Take the entries that follow and return exactly the lines from the one holding "根据《关于开展2021年度校" through the one holding "Cheerful original design", both included. Nothing else is needed.
──────── DATASET ENTRIES ────────
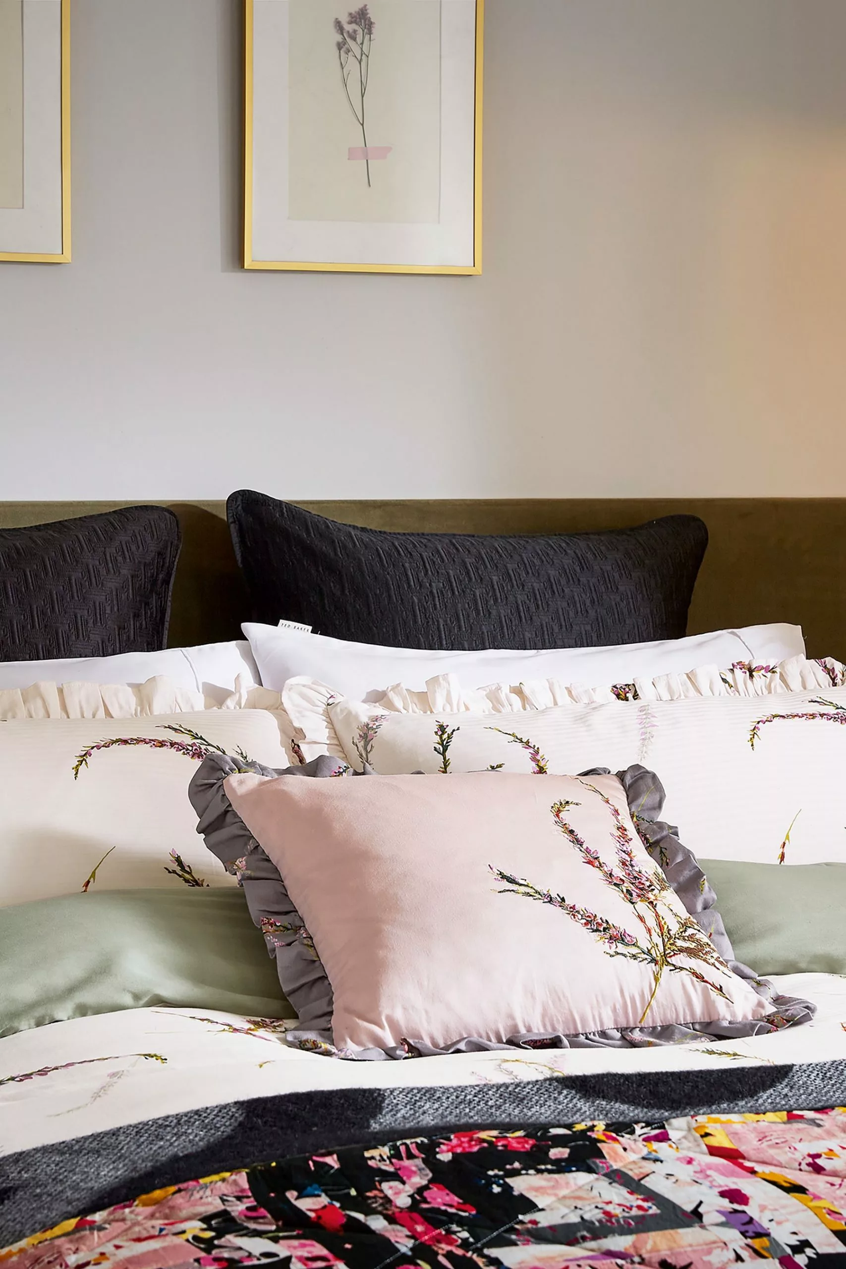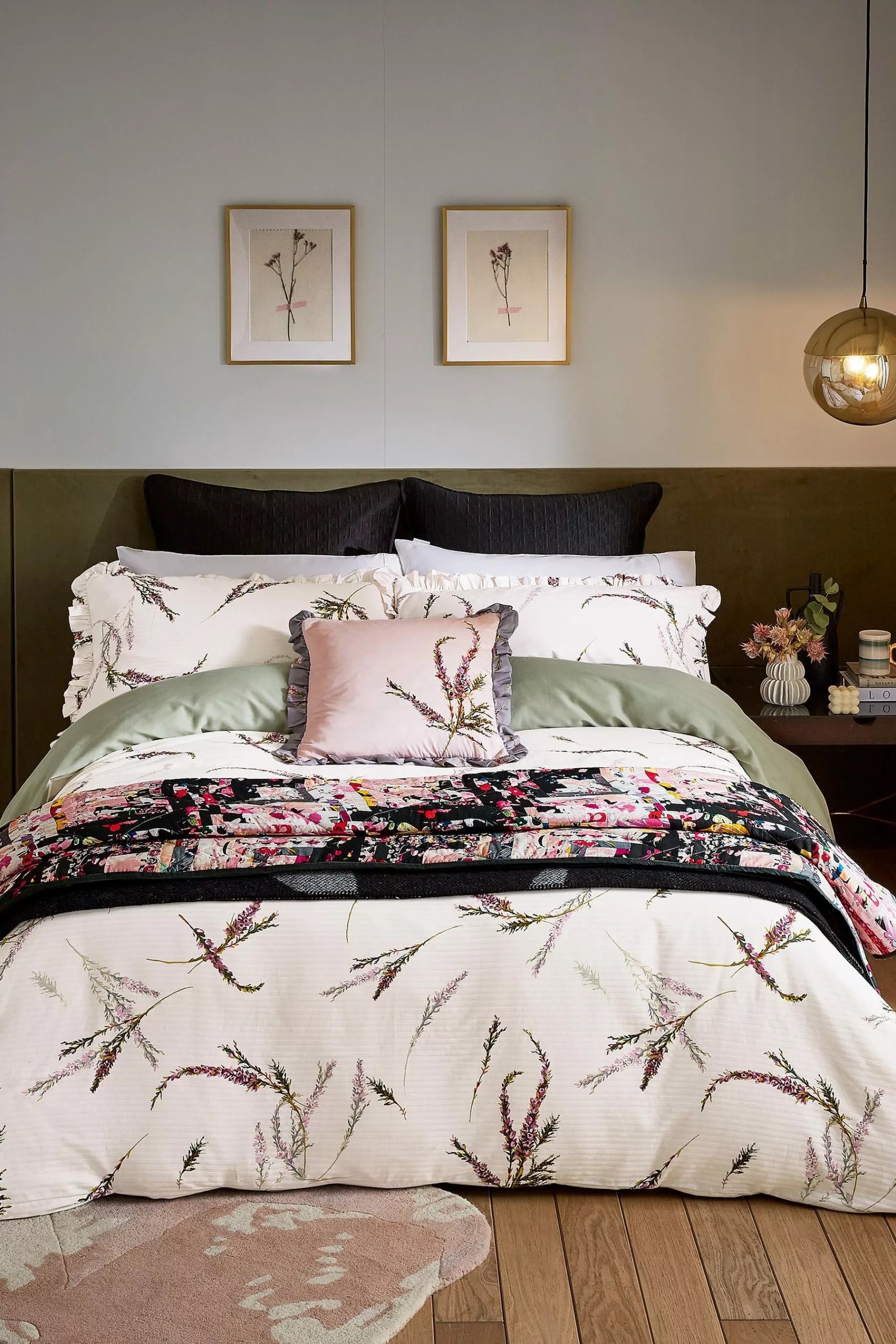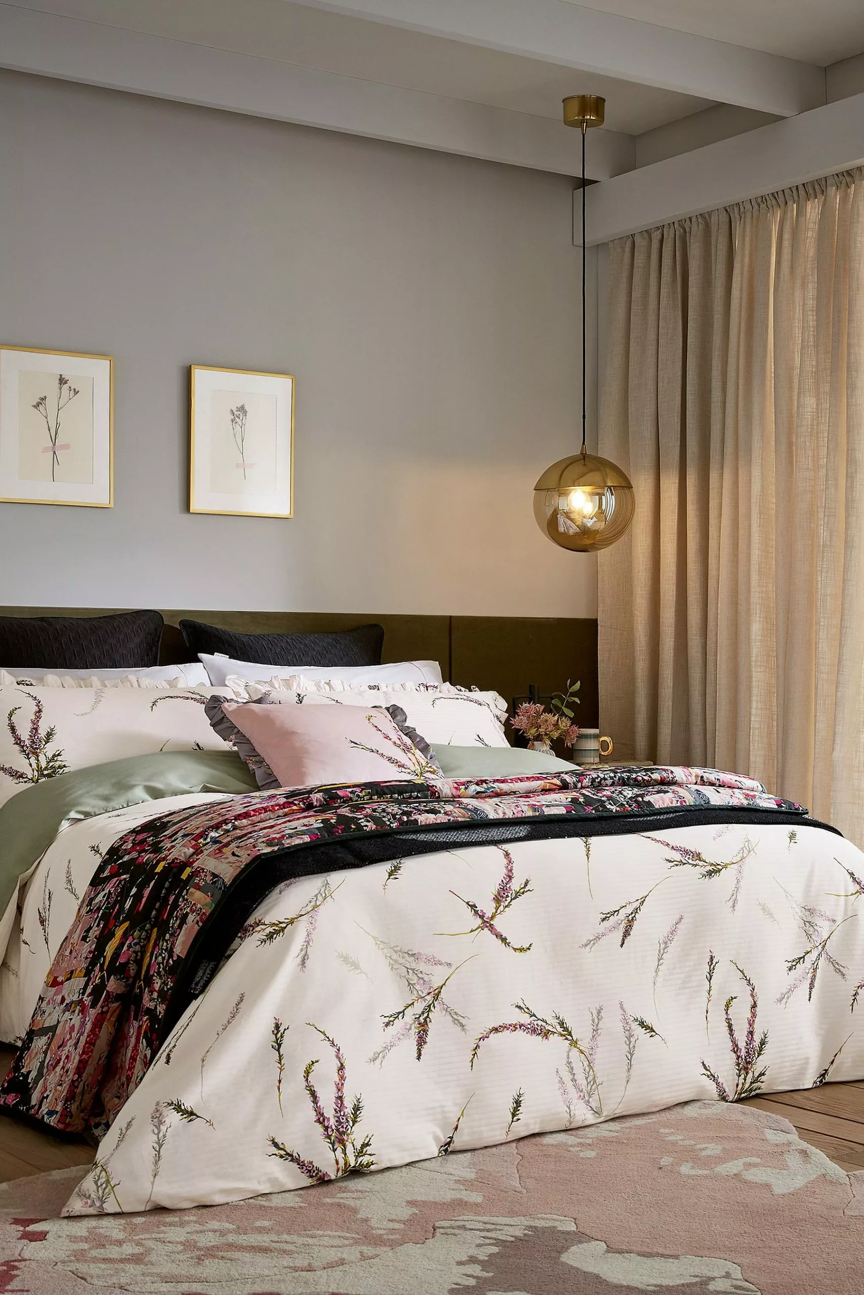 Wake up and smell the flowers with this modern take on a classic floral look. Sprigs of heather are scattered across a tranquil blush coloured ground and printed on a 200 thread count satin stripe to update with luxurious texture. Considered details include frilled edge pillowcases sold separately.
────────
──────── DATASET ENTRIES ────────
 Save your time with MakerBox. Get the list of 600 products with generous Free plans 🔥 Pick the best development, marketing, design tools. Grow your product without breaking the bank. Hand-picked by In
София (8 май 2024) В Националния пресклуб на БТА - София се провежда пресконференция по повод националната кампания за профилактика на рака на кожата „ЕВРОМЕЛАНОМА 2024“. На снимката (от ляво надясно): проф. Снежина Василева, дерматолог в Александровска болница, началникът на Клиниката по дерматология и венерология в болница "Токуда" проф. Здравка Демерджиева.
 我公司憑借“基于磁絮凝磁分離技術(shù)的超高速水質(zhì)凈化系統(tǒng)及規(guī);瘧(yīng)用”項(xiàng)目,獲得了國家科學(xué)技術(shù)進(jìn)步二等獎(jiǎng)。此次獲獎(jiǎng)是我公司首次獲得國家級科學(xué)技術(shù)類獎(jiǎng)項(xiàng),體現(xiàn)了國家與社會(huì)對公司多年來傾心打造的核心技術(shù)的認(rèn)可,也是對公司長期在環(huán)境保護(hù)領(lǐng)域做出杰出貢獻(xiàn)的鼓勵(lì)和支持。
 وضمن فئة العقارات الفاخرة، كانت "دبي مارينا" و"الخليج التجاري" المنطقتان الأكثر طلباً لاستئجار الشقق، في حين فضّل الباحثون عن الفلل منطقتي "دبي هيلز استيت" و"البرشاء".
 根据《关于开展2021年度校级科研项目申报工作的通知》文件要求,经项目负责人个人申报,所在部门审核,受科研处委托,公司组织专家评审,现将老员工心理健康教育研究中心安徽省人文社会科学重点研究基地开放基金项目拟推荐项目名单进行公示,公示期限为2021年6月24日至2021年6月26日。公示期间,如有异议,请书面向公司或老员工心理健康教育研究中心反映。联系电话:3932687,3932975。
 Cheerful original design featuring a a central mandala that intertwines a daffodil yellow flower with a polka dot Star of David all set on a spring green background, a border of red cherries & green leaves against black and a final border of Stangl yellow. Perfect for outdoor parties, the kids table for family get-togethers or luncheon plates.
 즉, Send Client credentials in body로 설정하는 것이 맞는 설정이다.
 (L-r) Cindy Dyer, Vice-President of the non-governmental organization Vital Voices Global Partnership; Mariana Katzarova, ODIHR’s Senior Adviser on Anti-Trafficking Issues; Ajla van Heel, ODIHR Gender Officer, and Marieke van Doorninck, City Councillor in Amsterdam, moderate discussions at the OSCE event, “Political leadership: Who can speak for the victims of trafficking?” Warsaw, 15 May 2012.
────────
──────── DATASET ENTRIES ────────
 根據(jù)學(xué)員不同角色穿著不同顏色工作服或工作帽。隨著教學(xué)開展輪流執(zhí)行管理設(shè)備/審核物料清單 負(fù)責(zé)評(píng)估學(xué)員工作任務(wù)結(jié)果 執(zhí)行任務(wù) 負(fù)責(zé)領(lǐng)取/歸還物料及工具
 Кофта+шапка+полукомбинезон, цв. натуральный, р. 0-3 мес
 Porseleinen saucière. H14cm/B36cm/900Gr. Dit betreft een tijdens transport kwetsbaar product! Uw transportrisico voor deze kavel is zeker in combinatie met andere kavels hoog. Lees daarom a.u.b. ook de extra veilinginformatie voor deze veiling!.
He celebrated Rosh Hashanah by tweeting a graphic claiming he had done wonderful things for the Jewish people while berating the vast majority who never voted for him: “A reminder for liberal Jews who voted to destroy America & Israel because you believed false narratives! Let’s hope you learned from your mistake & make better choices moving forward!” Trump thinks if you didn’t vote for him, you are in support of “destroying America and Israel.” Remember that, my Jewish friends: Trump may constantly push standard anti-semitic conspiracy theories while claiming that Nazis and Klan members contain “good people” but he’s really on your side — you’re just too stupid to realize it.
────────
_TASK OUTPUT_:
 根据《关于开展2021年度校级科研项目申报工作的通知》文件要求,经项目负责人个人申报,所在部门审核,受科研处委托,公司组织专家评审,现将老员工心理健康教育研究中心安徽省人文社会科学重点研究基地开放基金项目拟推荐项目名单进行公示,公示期限为2021年6月24日至2021年6月26日。公示期间,如有异议,请书面向公司或老员工心理健康教育研究中心反映。联系电话:3932687,3932975。
 Cheerful original design featuring a a central mandala that intertwines a daffodil yellow flower with a polka dot Star of David all set on a spring green background, a border of red cherries & green leaves against black and a final border of Stangl yellow. Perfect for outdoor parties, the kids table for family get-togethers or luncheon plates.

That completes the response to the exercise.